Despite having a suicide screening tool that indicated Moderate to Severe risk and the patient stating he had suicidal thoughts almost daily with thoughts earlier in the day of suicide by cop, the physician documented:
"Patient is not suicidal and was getting a voluntary psychiatric clearance screen work-up and was preparing to talk to the remote psychiatric assessment team regarding whether or not he could get inpatient placement for alcohol detox.
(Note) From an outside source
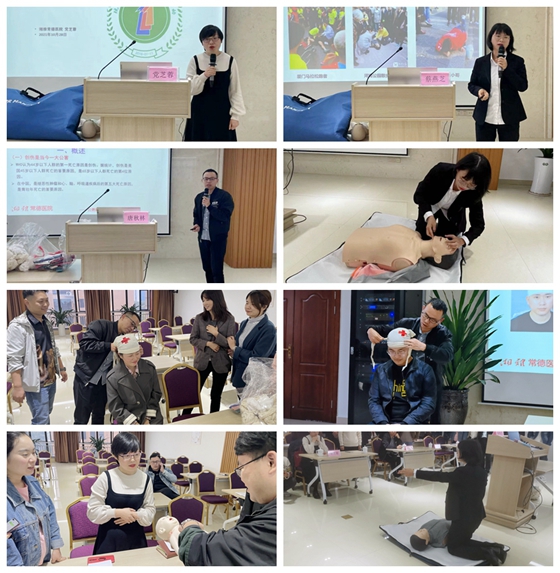 活动中,我院培训团队专家分别以理论授课和实际操作相结合的方式,向参训职工讲解“现场救护‘三个一’理念”、“心肺复苏”、“创伤现场救护”、“气道异物梗阻”等现场救护知识,并现场进行手把手教学的操作练习。整场培训内容实用、丰富,活动形式生动活泼,让大家身临其境的感受争分夺秒的抢救现场。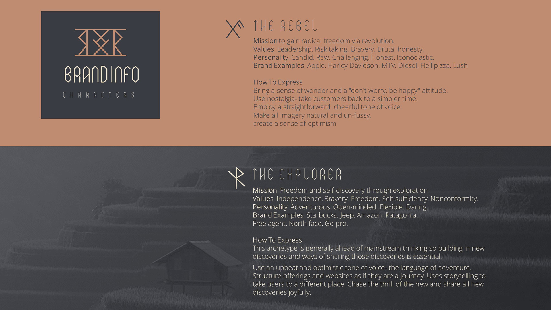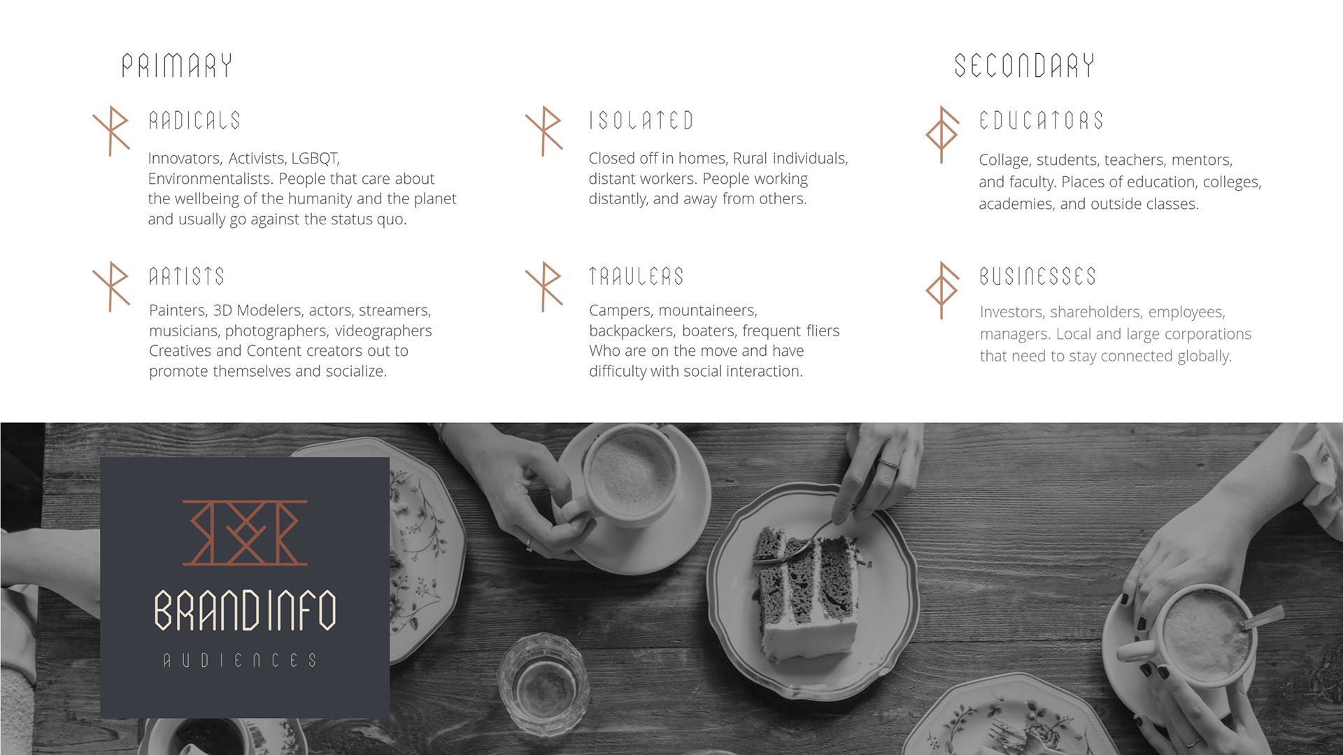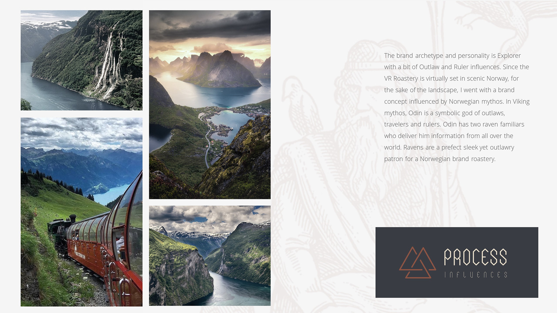 Immersive field study, data collection and research on VR Worlds helped me come up with a visual vernacular for the campaigns design. The coffee house would be virtually located in a Norway, so the projects design was influenced by the mountain scenery and historical Vikings. This project is also influenced by the VRWorld designs trends, modern and simplistic. Mixing elements of Norsemen runes and modern trends resulted in a clean geometric design. The branding archetype leans largely on the Explorer, also has heavy undertones influence by the Rebel and a bit of the Ruler.

During this time, while I was in bed 1 suturing a stabbing victim, the patient decided he no longer wanted to pursue this course of action and eloped. As he was not actively suicidal I do not feel it necessary to send the police to find him right now."
Other than the documented patient statement that he wasn't currently thinking of suicide, no objective information that the risk of suicide had lessened from the original moderate to high risk identified on the original Patient Health Questionnaire completed upon admission. The patient was allowed to leave before the remote psychiatric team could evaluate the patient and make recommendations for treatment.
Staff #6 was interviewed on the afternoon of 1-26-2021. After reviewing the notes, Staff #6 stated that since the patient was seeking voluntary treatment for alcohol abuse, the physician had to let the patient go. Despite the screening that indicated the patient had thoughts of harming himself daily, had acted on those thoughts in the past in non-lethal ways, had considered suicide-by-cop earlier in the day, had injured his hand earlier in the day by punching a truck, the physician did not order an involuntary hold and request an emergency detention warrant through the local magistrate so that a full mental health assessment could be completed to ensure that the patient was not a harm to self or others.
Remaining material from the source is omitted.